Und dennoch: Auch für 530 Euro Kaltmiete, aktueller Tabellenwert für Ein-Personen-Haushalte in Norderstedt, bekommt man kaum eine Wohnung. So jedenfalls die Erfahrung von Joachim Tzyschakoff, der sich jetzt indirekt auch das Landessozialgericht anschloss, indem es die aktuell gültigen Mietobergrenzen als nicht rechtmäßig bestimmt eingestuft hat. Deshalb, so Tzyschakoff in einem von ihm und einigen Mitstreitern betriebenen Blog, "wurde das Jobcenter Kreis Segeberg verpflichtet, die Mietobergrenzen auf Basis der Tabelle in §12 Wohngeldgesetz zuzüglich eines Sicherheitszuschlages in Höhe von 10% festzulegen" - im gesamten Kreis Segeberg. Was das für die Betroffenen bedeutet, hat der 63jährige Norderstedter auch gleich ausgerechnet, dazu Vordrucke für Widersprüche, Überprüfungsanträge und Anträge auf Beratungsscheine ins Netz gestellt.

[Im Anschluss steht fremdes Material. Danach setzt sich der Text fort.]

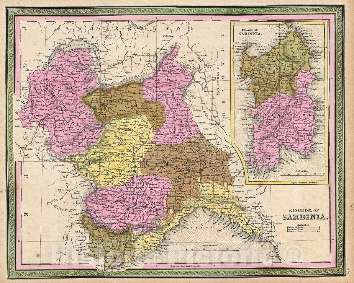 Historic Map : Mitchell Map of Italy: Kingdom of Sardinia and Piedmont, 1849, Vintage Wall Art
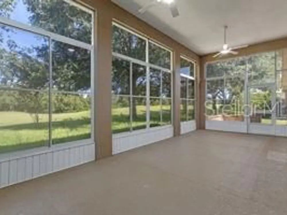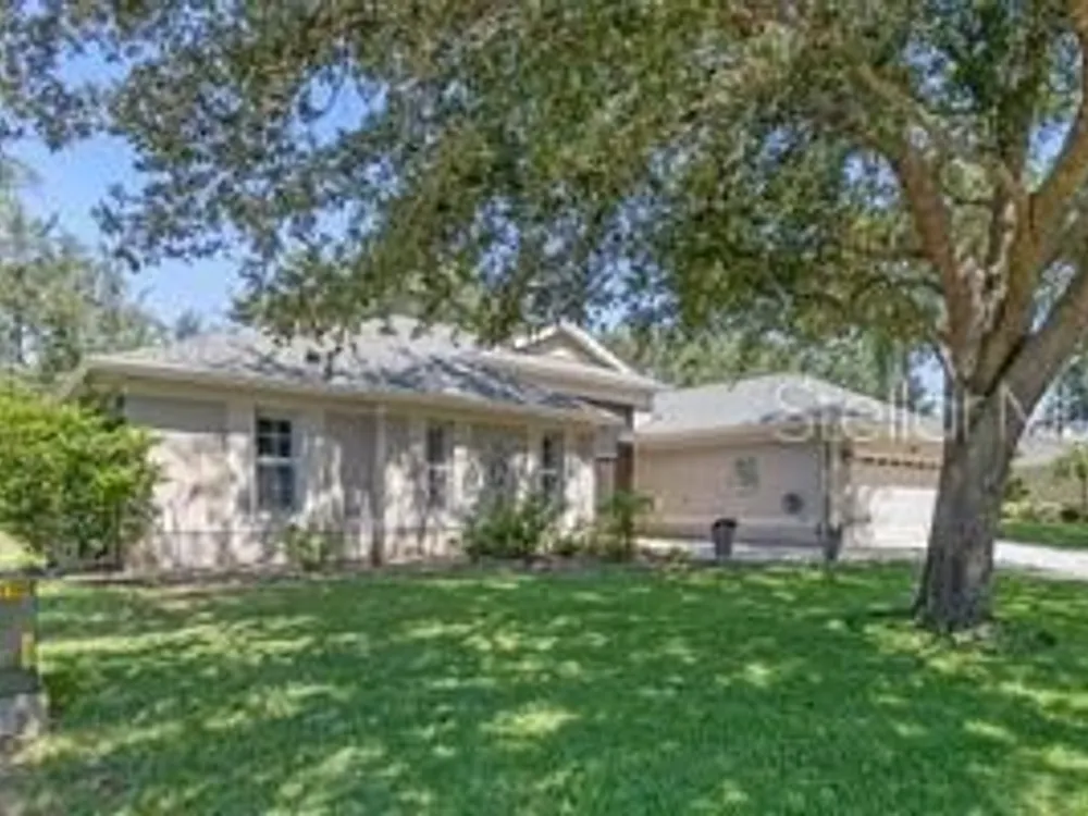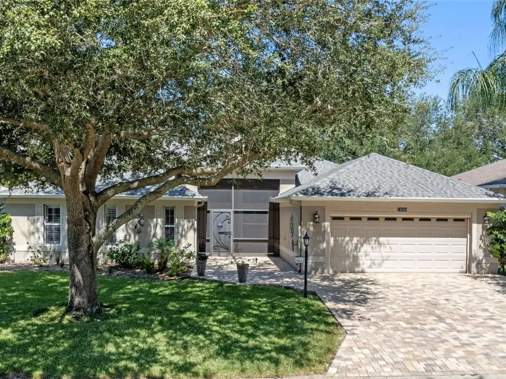 Don't miss this GOLF COURSE beauty with UPGRADES at every turn! Located in The Plantation at Leesburg – 55+ Resort-Style Community! Perfectly positioned on a PRIVATE GOLF COURSE LOT, this upgraded single-story home features a neutral-toned exterior, PAVED DRIVEWAY, front and back COURTYARDS, and beautifully landscaped grounds. Inside, WOOD FLOORING flows through the main living areas, leading to a GOURMET KITCHEN with 42” cabinets, PULL-OUT DRAWERS, GRANITE countertops, tile backsplash, under-cabinet lighting, WINE REFRIGERATOR, STAINLESS steel APPLIANCES, and a HUGE double PANTRY. The open floor plan connects the kitchen to the family room, perfect for entertaining. The spacious primary suite offers dual vanities, soaking tub, walk-in shower, and a HUGE CUSTOM WALK-IN CLOSET. The GUEST SUITE accommodates king-size furniture and includes its own PRIVATE BATH with a large walk-in shower and custom walk-in closet. A separate study/home office or flex space adds versatility, and a convenient HALF BATH is ideal for guests. Enjoy panoramic golf course views from the enclosed lanai with a PAVED COURTYARD—perfect for outdoor dining, lounging, or a fire pit. *** ROOF 2021 ** AC 2017 ** ENCLOSED LANAI 2023 ***Additional features include an OVERSIZE 2-car garage, PLANTATION SHUTTERS throughout, and an INSIDE SEPARATE LAUNDRY room. The Plantation at Leesburg offers two golf courses, three clubhouses each with heated pools, tennis courts, pickleball, fitness centers, walking trails, and endless social activities. Conveniently located near shopping, dining, medical facilities, parks, and the airport. Golf-front living at its best—schedule your private showing today!

Für DIE LINKE ist der Vorgang ein neuerliches Zeichen für die dramatische Lage am Wohnungsmarkt - und für die Tatsache, dass der Aufschwung der letzten Jahre an vielen Menschen in Norderstedt fast vollständig vorbeigegangen ist. Christine Bilger, Sprecherin der Norderstedter LINKEN: "Spätestens seit der Agenda 2010 setzt die Arbeitsmarktpolitik in Deutschland fast ausschließlich darauf, Arbeitslose und andere Hilfsbedürftige passgenau für den zweiten und dritten Arbeitsmarkt zu machen. Geholfen wird so Keinem, Armut und Langzeitarbeitslosigkeit sind trotz positiver Konjunkturdaten stabil oder sogar noch gewachsen."
DIE LINKE fordert daher ein Ende der Sanktionspraxis gegen Transfergeldbezieher, ein effektives Vorgehen gegen Dumpinglöhne und ein Zurückdrängen der prekären Zeitarbeitsbranche. Um der Wohnungsnot zu begegnen, soll die Sozialwohnungs-Quote in Norderstedt bis auf weiteres auf 50 Prozent angehoben und eine städtische Wohnungsbaugesellschaft gegründet werden.